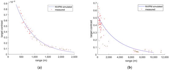 Figure 5 plots the contrast in the images between the target and background for LWIR and NIR compared with NV-IPM simulations (with settings detailed in Section 3.4). A region of interest (ROI) is selected around a clear (i.e., uncluttered) portion of each tower under cloud background; the box is sized to include at least twice as many background pixels as tower pixels. Then, tower contrast is calculated for the raw images using Equation (2), the same equation that the NV-IPM uses.
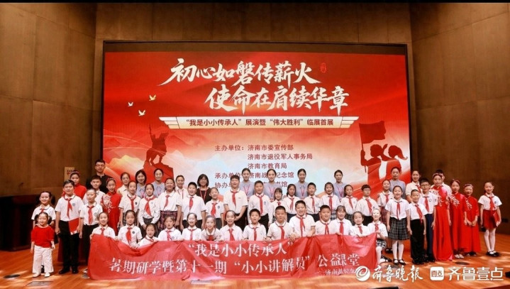 8月26日,以“初心如磐传薪火 使命在肩续华章”为主题的“我是小小传承人”结业展演暨“伟大胜利”主题临展首展活动在济南市图书馆成功举行。
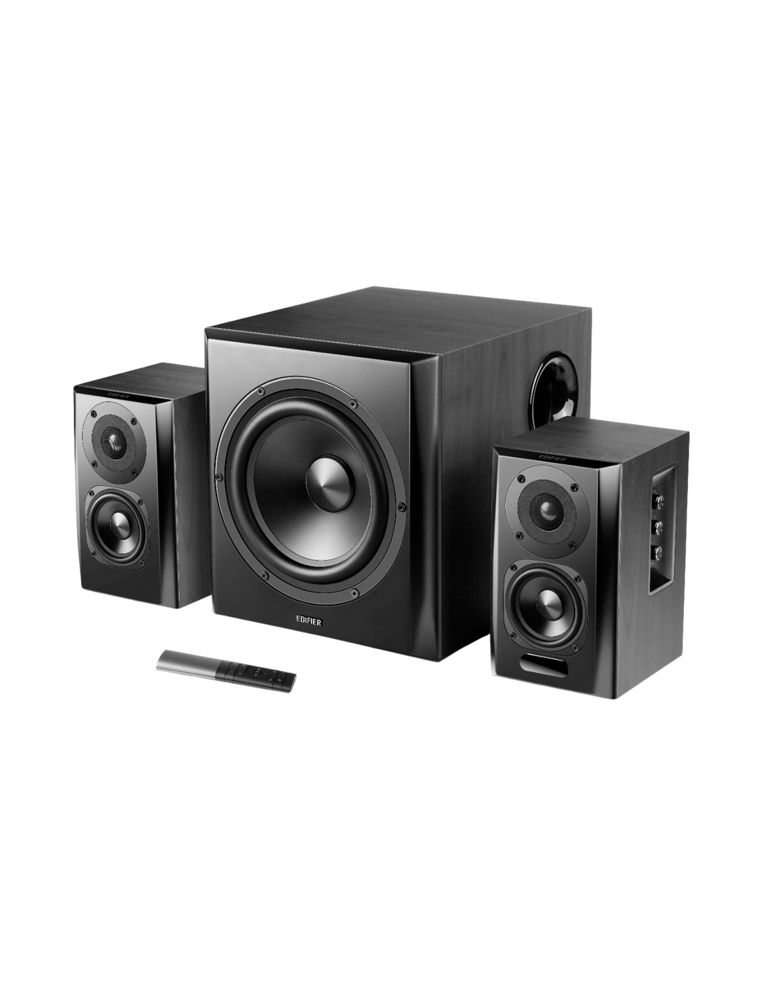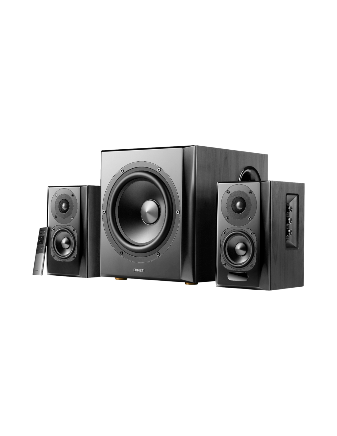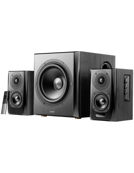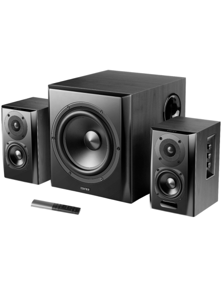 Edifier S351DB 2.1 Audio System, BT V5.1, Optical, Coaxial, RCA, 8-inch Subwoofer, 3.5-inch Drivers, 0.75-inch Tweeters, 150W (RMS), Control Knobs and Remote Control, Black_AS
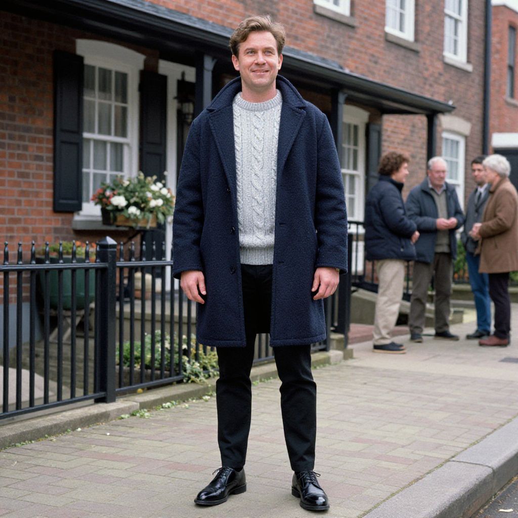 A man, over-sized wool overcoat in navy, chunky cable-knit sweater in light gray, fitted black trousers, polished oxford shoes in black leather, historic brick buildings, welcoming front porches, friendly neighbors chatting, chromogenic film, relaxed smile, warm and inviting atmosphere. Man has masculine face and piercing eyes
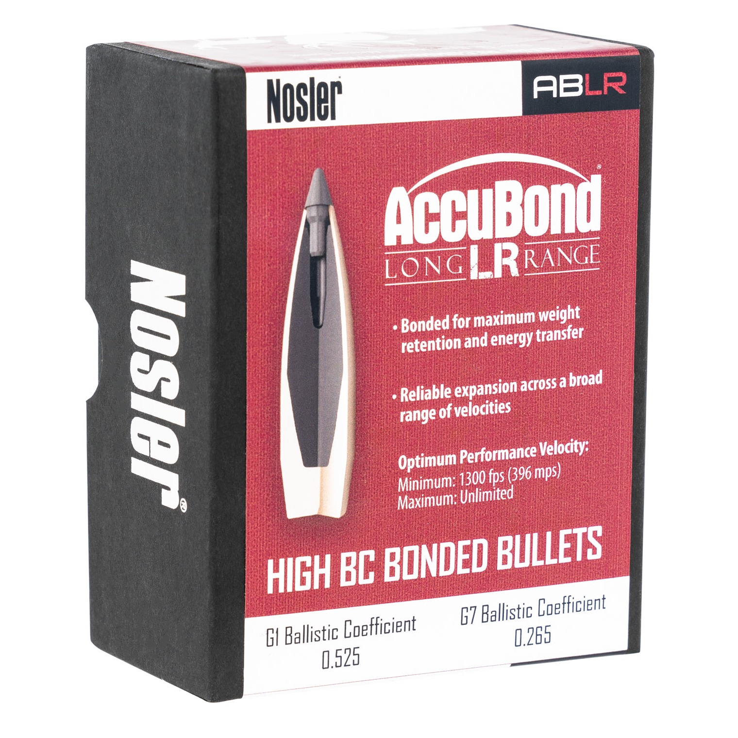 The AccuBond-Long Range bullet line was developed in response to the escalating demand from long-range hunters who were asking for a hunting bullet that could keep up with today’s level of high-grade optics and ultra-high velocity cartridges in order to stretch practical shooting yardages past 1,000 yards; yet still perform on big-game animals. In order to accommodate these extreme parameters, the AccuBond-LR bullet was designed to have a minimum impact velocity of 1300 fps in order to reliably expand or mushroom at those much longer distances, compared to the 1800 fps minimum impact velocity of all other Nosler hunting bullets. Because the lead core is bonded to the copper jacket, the AccuBond-LR bullet will hold up to extreme velocities. To further assist performance at such a wide range of impact velocities, the copper jacket is tapered, meaning it is thin at the nose, becoming much thicker towards the boat-tail base.
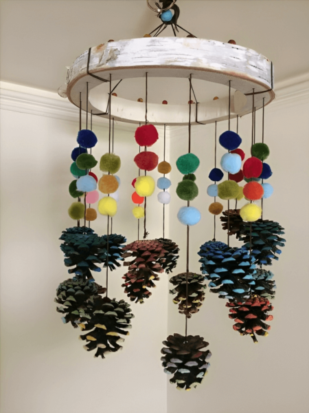 Craft a delightful pine cone mobile to hang in nurseries, children’s rooms, or even as a unique addition to your patio. Attach pine cones to strings or twine at varying lengths and suspend them from a wooden hoop or branch. Paint the pine cones in fun colors or add small trinkets to the strings for added flair. Mobiles can be customized to match any theme or decor style.
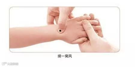 一窝蜂在腕背横纹中点处,有凹陷,专治孩子着凉肚子疼、流鼻涕。

—————

I'd like the records above given again exactly, please, without the pictures.

# Answer box
 Figure 5 plots the contrast in the images between the target and background for LWIR and NIR compared with NV-IPM simulations (with settings detailed in Section 3.4). A region of interest (ROI) is selected around a clear (i.e., uncluttered) portion of each tower under cloud background; the box is sized to include at least twice as many background pixels as tower pixels. Then, tower contrast is calculated for the raw images using Equation (2), the same equation that the NV-IPM uses.
 8月26日,以“初心如磐传薪火 使命在肩续华章”为主题的“我是小小传承人”结业展演暨“伟大胜利”主题临展首展活动在济南市图书馆成功举行。
 Edifier S351DB 2.1 Audio System, BT V5.1, Optical, Coaxial, RCA, 8-inch Subwoofer, 3.5-inch Drivers, 0.75-inch Tweeters, 150W (RMS), Control Knobs and Remote Control, Black_AS
 A man, over-sized wool overcoat in navy, chunky cable-knit sweater in light gray, fitted black trousers, polished oxford shoes in black leather, historic brick buildings, welcoming front porches, friendly neighbors chatting, chromogenic film, relaxed smile, warm and inviting atmosphere. Man has masculine face and piercing eyes
 The AccuBond-Long Range bullet line was developed in response to the escalating demand from long-range hunters who were asking for a hunting bullet that could keep up with today’s level of high-grade optics and ultra-high velocity cartridges in order to stretch practical shooting yardages past 1,000 yards; yet still perform on big-game animals. In order to accommodate these extreme parameters, the AccuBond-LR bullet was designed to have a minimum impact velocity of 1300 fps in order to reliably expand or mushroom at those much longer distances, compared to the 1800 fps minimum impact velocity of all other Nosler hunting bullets. Because the lead core is bonded to the copper jacket, the AccuBond-LR bullet will hold up to extreme velocities. To further assist performance at such a wide range of impact velocities, the copper jacket is tapered, meaning it is thin at the nose, becoming much thicker towards the boat-tail base.
 Craft a delightful pine cone mobile to hang in nurseries, children’s rooms, or even as a unique addition to your patio. Attach pine cones to strings or twine at varying lengths and suspend them from a wooden hoop or branch. Paint the pine cones in fun colors or add small trinkets to the strings for added flair. Mobiles can be customized to match any theme or decor style.
 一窝蜂在腕背横纹中点处,有凹陷,专治孩子着凉肚子疼、流鼻涕。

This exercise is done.